Summertime rolled in and Skitter and I couldn’t be happier because of one thing: I’d be spending two straight months with her. The thought of being able to bring her to the green fields to play and to the river to bathe together everyday if possible is just a piece of the many exciting things that may happen in our first summer together.

A couple of weeks after, my elder brother, Tom, who was studying in Manila, went home to spend his summer vacation with us. It was, of course, something to be convivial about too considering that he’s been away for some time.

Things went pretty fine. Tom helped me take care of Skitter; we also got busy catching up the lost times.

Like every story, this joyful summer came to an end. Tom and I had to go back to school just like the rest of our siblings, and I had to limit my time in seeing Skitter again. I thought it will end plain and simple as that, but it didn’t.

A day before Tom went back to the metropolis, I got trapped in a situation I had never imagined would cause one of my biggest regrets. It was eight in the morning that day when my father approached me, while I was reading one of the books I borrowed from the public library, and directly said, “I already sold Skitter for three hundred and fifty pesos. The money is with me now. I’m sorry.” My ears suddenly passed into coldness upon hearing those words. The sorry word didn’t bring any sense to me. I wanted to scream but no words came out. I wanted to pulverize the person standing in front but my feet turned numbed as my heart was pounding hard. Then he continued like that wasn’t enough, “The buyer will be here in an hour so please tie her up before he comes. Listen, I know how you feel.” I immediately replied in my mind, “NO YOU DON’T!“, but I was so verbally paralyzed. Finally, he explained, “The truth is, I was just forced to do that because Tom’s vacation here wasn’t approved by your aunt; therefore, producing money for his return trip is my responsibility now. You know how much I’m earning from driving. It’s not enough to send your brother back to Manila.” That explanation, however, didn’t make sense either.  After he looked at my somewhat indescribable reaction for a few minutes, he left for work.

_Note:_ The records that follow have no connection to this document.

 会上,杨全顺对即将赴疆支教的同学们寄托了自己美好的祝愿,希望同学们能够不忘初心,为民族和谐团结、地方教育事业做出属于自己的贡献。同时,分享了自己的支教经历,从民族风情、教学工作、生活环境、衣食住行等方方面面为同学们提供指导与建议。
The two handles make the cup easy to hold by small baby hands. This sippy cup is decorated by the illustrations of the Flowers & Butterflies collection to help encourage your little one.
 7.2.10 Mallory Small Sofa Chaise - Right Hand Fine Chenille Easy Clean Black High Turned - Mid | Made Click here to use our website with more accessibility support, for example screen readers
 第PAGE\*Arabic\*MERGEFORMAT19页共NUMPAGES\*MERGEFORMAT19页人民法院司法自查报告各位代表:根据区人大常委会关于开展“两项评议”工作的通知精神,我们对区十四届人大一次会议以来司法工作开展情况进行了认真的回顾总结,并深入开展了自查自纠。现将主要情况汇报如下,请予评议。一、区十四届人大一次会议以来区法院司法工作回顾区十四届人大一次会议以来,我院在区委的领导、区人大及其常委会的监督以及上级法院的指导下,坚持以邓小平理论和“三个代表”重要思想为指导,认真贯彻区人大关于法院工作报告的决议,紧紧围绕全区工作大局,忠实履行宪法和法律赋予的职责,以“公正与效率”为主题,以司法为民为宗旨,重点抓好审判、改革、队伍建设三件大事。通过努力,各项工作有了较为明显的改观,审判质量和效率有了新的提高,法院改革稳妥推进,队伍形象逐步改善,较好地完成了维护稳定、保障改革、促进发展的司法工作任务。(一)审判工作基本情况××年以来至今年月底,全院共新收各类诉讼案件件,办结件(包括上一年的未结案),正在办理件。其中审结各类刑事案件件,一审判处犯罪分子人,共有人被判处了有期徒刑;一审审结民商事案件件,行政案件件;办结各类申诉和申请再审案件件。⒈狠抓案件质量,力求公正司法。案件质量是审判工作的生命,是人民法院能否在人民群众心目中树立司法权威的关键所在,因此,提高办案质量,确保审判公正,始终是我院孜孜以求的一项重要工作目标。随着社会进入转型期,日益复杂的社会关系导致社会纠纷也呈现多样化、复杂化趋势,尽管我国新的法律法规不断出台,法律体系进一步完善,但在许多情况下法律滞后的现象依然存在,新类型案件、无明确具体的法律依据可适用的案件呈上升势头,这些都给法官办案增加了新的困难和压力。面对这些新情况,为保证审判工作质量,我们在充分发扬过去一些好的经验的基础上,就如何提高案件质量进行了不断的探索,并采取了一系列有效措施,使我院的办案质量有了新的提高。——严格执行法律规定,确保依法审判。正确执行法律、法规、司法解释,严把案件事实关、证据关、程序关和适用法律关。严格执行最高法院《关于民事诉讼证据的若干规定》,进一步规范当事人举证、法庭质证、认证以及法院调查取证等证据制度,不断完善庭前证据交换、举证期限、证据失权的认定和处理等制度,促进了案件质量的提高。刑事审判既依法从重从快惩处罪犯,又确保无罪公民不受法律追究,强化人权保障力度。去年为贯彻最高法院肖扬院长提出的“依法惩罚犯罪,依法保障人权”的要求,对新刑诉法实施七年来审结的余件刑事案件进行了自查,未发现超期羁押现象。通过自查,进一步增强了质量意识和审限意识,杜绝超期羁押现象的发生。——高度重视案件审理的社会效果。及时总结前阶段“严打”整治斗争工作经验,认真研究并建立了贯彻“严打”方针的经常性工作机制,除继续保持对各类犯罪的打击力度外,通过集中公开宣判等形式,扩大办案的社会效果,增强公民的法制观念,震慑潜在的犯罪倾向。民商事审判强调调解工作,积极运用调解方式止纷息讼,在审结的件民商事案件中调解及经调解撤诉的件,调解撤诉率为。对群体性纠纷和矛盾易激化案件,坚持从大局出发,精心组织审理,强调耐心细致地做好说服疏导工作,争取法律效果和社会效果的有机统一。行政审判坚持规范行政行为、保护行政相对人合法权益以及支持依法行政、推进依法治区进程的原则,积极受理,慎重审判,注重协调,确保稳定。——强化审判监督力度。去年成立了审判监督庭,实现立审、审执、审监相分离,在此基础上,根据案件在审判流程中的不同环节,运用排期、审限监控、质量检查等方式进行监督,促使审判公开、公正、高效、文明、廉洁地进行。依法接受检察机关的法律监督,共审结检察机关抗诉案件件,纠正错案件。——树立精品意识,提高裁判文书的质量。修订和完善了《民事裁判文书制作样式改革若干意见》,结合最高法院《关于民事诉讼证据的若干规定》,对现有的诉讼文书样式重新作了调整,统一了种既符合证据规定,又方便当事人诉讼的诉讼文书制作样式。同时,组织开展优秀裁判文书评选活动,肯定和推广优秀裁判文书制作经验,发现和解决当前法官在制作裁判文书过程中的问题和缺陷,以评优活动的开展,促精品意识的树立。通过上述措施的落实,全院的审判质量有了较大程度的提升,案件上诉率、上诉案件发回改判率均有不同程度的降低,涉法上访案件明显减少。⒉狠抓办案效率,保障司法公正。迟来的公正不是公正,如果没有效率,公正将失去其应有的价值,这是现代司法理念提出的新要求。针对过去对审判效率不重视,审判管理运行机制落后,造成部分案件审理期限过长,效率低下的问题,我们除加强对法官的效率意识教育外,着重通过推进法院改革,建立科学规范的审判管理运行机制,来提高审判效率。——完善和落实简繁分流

What happened next is something that still pains me much each time I remember it…I turned her in to the buyer because I didn’t have the balls to refuse. I should–for Tom’s sake. I also killed her–indirectly. It was made clear that she was to be butchered for pulutan (Filipino term for a snack accompanied with liquor) on the buyer’s birthday.

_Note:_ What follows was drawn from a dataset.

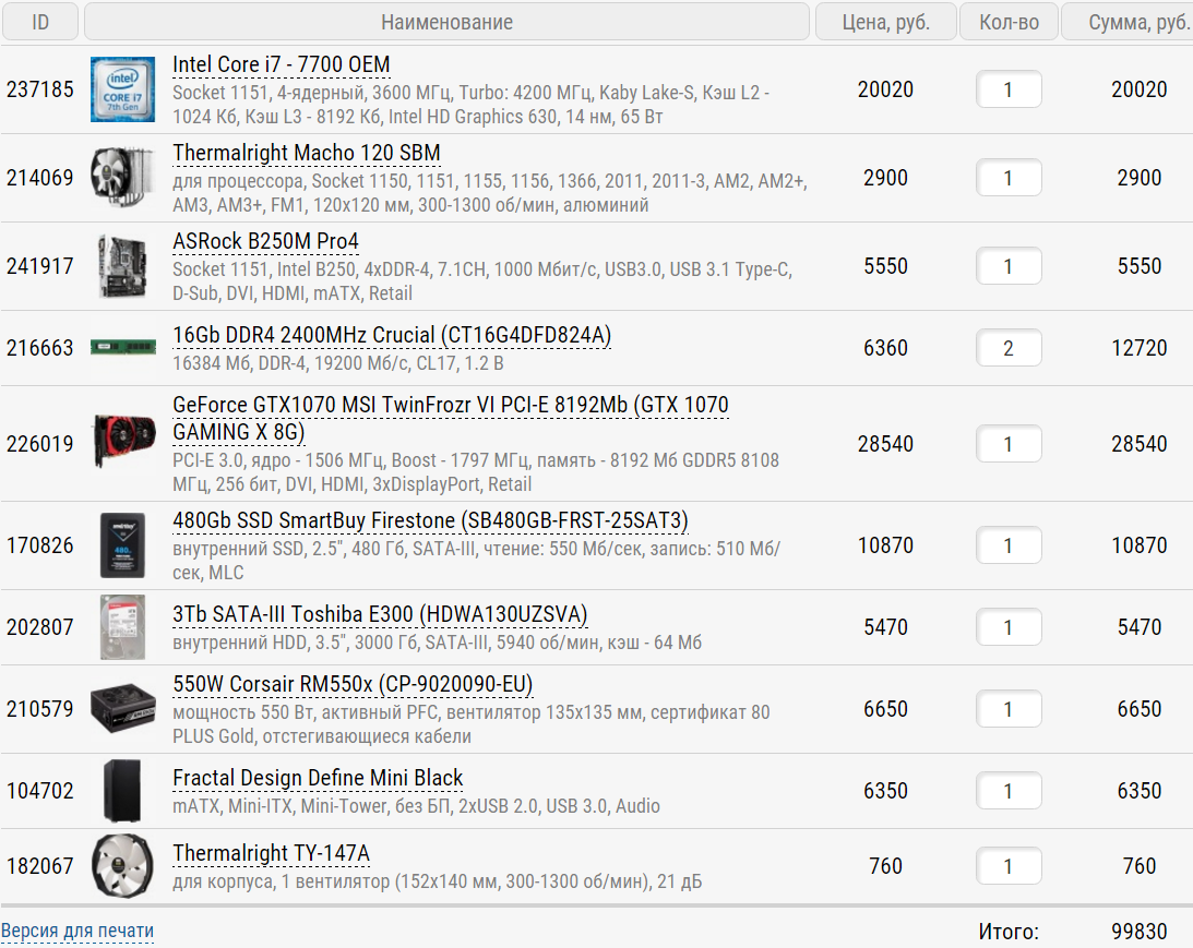 TY-147A точно тихий, на TY-127, который на Thermalright Macho 120 SBM, бывают жалобы на шум подшипника: http://www.hardwareluxx.ru/index.php/ar ... ml?start=4 Но открою вам тайну: почти все Noctua трещат подшипником на скорости больше 900rpm. В этом плане be quiet! Silent Wings 3 самые беспроблемные, на них ни разу не встречал жалоб: ни на форуме, ни в яндекс-маркетах и иже с ними. Но тогда нужно увеличивать бюджет, или что-то резать. Например, не понятно нужен ли вам 480 ГБ SSD, или достаточно и 240-275 ГБ? Нужно ли вам 32 ГБ ОЗУ со старта, чтобы потом можно было до 64 нарастить, или достаточно 16 ГБ на старте, а потом до 32 нарастить? Нужен ли вам объём в 3 ТБ HDD, или достаточно и 1-го ТБ? И что за задачи выполняются ночью - рендеринг?

Up to this day, I regret that part of my growing up years. In fact, I am still wishing I could turn back time to make things right. On the contrary, I can’t and the things I did can’t be undone so I had to just live with it. To live with the memories of Skitter whom I consider as someone. Someone who taught me the essence of blissfulness, of responsibility at a young age. This way, I’m always reminded that animals are as important as humans in the end.

“Regret for the things we did can be tempered by time; it is regret for the things we did not do that is inconsolable” (Sydney J. Harris).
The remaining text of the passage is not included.